Philip Awuku

Personal information
- Full name: Philip Gameli Awuku
- Date of birth: 27 April 2000 (age 25)
- Place of birth: Accra, Ghana
- Height: 1.90 m (6 ft 3 in)
- Position: Centre-back

Senior career*
- Years: Team / Apps / (Gls)
- 2020–2021: Planners Athletic Club /  / (0)
- 2021–2023: Yeni Malatyaspor / 31 / (0)
- 2023: → Tuzlaspor (loan) / 11 / (1)
- 2023–2024: Tuzlaspor / 24 / (0)
- 2024: Manisa FK / 11 / (0)
- 2025: Şanlıurfaspor / 11 / (0)
- 2025–2026: Al-Ittihad Misurata / 0 / (0)

= Philip Awuku =

Ghanaian footballer

Philip Gameli Awuku (born 27 April 2000) is a professional footballer who plays as a centre-back.
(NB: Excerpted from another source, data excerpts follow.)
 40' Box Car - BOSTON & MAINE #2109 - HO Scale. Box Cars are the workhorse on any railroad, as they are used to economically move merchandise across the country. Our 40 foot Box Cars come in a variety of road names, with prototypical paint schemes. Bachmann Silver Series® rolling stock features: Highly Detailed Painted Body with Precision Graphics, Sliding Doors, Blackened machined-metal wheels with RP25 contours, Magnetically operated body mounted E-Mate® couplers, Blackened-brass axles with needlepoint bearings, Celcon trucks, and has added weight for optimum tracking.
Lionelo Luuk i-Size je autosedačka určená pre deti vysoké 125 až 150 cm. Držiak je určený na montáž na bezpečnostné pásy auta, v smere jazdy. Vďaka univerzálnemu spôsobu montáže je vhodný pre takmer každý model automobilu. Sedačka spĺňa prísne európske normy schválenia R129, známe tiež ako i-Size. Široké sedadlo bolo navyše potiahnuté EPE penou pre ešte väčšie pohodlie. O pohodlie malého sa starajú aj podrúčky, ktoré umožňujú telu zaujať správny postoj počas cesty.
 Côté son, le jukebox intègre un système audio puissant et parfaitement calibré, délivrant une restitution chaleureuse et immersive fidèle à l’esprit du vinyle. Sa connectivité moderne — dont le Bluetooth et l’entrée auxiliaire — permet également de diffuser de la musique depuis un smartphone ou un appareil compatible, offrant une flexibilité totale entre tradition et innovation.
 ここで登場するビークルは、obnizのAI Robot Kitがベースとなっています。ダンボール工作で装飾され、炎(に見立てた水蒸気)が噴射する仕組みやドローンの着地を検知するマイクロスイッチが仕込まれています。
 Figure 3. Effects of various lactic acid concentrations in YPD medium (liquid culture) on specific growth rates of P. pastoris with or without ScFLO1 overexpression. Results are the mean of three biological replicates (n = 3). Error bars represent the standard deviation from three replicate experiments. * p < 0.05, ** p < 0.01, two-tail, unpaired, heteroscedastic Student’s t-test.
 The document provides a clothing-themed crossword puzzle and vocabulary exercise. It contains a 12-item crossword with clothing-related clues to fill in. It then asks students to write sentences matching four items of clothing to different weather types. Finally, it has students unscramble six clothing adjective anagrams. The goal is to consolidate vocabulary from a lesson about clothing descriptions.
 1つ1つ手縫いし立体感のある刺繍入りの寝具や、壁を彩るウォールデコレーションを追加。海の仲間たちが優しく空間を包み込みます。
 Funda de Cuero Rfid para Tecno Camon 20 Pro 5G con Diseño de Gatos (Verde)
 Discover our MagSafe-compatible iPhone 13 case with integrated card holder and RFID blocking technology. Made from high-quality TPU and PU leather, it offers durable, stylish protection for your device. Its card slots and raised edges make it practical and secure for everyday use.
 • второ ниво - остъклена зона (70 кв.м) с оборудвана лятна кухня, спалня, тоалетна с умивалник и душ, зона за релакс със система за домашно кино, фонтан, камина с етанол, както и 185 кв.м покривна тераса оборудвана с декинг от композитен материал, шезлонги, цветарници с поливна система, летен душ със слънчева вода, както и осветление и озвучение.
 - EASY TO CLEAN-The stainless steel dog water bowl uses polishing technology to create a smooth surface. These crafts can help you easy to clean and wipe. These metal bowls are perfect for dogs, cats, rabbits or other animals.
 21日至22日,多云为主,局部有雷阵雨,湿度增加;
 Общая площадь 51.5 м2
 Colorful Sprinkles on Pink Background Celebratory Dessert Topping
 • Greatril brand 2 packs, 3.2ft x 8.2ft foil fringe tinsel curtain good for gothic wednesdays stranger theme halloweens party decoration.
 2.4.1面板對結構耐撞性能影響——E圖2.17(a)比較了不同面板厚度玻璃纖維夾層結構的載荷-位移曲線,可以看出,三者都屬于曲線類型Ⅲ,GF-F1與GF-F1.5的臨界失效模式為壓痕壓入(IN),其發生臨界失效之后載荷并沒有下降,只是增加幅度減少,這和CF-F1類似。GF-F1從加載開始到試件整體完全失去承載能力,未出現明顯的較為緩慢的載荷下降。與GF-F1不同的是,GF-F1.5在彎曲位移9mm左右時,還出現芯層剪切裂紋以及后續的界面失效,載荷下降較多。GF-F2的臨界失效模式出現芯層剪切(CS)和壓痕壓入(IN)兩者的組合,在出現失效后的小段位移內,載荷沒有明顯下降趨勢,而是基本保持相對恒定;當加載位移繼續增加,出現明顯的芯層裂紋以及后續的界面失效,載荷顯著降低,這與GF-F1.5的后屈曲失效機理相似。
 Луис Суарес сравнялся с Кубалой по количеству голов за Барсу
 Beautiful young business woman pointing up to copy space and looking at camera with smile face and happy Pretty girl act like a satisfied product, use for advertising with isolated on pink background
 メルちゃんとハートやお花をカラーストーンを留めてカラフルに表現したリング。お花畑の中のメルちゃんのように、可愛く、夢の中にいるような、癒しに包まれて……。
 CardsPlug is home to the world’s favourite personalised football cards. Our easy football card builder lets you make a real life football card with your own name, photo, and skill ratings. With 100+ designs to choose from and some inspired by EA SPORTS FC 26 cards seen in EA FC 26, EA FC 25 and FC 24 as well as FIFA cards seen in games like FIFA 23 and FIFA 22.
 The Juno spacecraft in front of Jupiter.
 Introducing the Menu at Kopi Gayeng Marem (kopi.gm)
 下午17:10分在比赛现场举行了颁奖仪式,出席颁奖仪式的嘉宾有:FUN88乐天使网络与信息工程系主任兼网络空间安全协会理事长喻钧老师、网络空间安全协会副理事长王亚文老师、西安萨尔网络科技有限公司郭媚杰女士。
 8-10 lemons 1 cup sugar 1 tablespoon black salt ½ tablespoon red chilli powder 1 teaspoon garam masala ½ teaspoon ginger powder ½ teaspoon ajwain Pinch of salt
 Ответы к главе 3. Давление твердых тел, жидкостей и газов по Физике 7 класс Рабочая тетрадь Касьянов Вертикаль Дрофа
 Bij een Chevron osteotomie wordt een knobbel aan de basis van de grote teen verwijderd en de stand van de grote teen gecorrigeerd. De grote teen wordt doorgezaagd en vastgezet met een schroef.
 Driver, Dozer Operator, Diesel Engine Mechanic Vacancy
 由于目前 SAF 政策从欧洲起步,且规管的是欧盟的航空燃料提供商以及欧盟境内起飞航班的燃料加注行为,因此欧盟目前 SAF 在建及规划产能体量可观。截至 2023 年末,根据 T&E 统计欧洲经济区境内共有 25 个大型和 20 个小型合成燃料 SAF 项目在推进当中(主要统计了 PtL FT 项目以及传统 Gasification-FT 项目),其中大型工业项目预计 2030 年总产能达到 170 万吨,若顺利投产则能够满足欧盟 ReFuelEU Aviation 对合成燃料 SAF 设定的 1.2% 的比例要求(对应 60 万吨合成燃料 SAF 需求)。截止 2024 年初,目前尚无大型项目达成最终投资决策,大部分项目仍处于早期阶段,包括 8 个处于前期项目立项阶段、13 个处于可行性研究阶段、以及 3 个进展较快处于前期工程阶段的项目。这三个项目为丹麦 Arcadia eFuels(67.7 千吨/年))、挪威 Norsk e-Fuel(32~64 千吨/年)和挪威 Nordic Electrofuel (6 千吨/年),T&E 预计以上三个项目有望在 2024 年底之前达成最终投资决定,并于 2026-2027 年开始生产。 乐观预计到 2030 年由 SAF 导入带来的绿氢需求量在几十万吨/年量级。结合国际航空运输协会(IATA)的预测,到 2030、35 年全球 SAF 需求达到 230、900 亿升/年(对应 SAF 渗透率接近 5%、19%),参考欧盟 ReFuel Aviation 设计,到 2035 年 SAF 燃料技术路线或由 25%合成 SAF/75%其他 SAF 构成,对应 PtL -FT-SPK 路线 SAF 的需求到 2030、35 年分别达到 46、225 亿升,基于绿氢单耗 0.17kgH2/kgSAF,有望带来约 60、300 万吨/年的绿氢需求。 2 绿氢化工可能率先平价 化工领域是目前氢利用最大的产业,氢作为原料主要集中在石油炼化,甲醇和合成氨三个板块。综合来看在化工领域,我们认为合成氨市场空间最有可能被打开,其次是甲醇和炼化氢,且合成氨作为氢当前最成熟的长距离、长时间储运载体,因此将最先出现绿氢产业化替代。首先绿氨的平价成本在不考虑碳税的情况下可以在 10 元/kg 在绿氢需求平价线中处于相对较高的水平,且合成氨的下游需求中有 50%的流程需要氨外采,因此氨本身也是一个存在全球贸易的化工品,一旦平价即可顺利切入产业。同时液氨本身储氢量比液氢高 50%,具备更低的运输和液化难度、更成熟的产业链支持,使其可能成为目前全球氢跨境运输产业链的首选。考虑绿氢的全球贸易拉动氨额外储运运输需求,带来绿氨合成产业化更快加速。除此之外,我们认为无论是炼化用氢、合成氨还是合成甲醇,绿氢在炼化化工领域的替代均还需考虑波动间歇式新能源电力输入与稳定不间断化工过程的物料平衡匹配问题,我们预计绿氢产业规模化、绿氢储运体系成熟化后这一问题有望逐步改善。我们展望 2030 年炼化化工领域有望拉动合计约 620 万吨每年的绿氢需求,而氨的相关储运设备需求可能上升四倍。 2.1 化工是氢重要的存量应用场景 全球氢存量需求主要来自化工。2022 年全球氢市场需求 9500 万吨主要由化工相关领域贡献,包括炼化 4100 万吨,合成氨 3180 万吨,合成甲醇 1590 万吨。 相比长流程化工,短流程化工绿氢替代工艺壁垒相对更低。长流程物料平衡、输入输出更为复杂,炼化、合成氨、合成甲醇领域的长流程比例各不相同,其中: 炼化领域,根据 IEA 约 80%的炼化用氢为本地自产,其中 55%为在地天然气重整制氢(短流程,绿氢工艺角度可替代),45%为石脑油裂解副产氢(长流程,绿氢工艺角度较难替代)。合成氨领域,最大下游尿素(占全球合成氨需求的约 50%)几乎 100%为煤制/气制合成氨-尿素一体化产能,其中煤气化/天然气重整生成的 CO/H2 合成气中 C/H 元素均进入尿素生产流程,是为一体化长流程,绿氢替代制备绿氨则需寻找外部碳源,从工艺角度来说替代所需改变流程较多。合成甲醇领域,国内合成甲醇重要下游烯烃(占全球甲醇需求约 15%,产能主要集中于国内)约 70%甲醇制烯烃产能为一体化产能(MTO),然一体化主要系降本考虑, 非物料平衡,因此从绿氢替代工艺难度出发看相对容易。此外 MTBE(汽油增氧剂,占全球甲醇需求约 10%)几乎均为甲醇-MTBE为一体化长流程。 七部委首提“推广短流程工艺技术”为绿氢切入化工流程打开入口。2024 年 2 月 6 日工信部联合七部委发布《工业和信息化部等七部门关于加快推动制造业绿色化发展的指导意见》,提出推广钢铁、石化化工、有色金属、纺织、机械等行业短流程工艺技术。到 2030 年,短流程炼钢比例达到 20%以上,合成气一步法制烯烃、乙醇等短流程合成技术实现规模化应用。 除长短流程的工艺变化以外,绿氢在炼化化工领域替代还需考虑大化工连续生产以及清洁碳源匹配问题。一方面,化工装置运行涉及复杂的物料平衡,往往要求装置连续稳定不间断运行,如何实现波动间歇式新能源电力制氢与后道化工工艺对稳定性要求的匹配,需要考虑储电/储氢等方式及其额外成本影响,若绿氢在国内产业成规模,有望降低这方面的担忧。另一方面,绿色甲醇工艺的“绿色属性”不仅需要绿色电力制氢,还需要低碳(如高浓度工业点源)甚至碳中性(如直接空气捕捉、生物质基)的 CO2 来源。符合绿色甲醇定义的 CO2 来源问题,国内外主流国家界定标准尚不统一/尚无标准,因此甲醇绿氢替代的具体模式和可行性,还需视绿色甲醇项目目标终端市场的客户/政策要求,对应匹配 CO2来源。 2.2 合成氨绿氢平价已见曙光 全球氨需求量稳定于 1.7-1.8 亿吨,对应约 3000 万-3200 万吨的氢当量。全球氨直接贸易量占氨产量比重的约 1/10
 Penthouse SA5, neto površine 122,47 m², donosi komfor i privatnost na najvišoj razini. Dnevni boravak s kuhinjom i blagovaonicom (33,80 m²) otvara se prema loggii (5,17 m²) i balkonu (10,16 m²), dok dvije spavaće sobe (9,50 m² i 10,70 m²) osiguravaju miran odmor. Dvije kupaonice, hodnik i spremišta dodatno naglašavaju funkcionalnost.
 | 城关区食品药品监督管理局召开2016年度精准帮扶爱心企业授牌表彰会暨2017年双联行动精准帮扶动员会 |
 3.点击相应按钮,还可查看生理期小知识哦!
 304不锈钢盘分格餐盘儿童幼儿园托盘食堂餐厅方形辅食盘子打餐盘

Born in Ghana, he represents Togo internationally.

==Club career==
Awuku began his career with the Ghanaian club Planners Athletic Club, and transferred to the Turkish club Yeni Malatyaspor on 1 February 2021. He made his professional debut with Yeni Malatyaspor in a 5–1 Süper Lig loss to Trabzonspor on 16 August 2021.

==International career==
Awuku was called up to the Togo national football team in September 2023.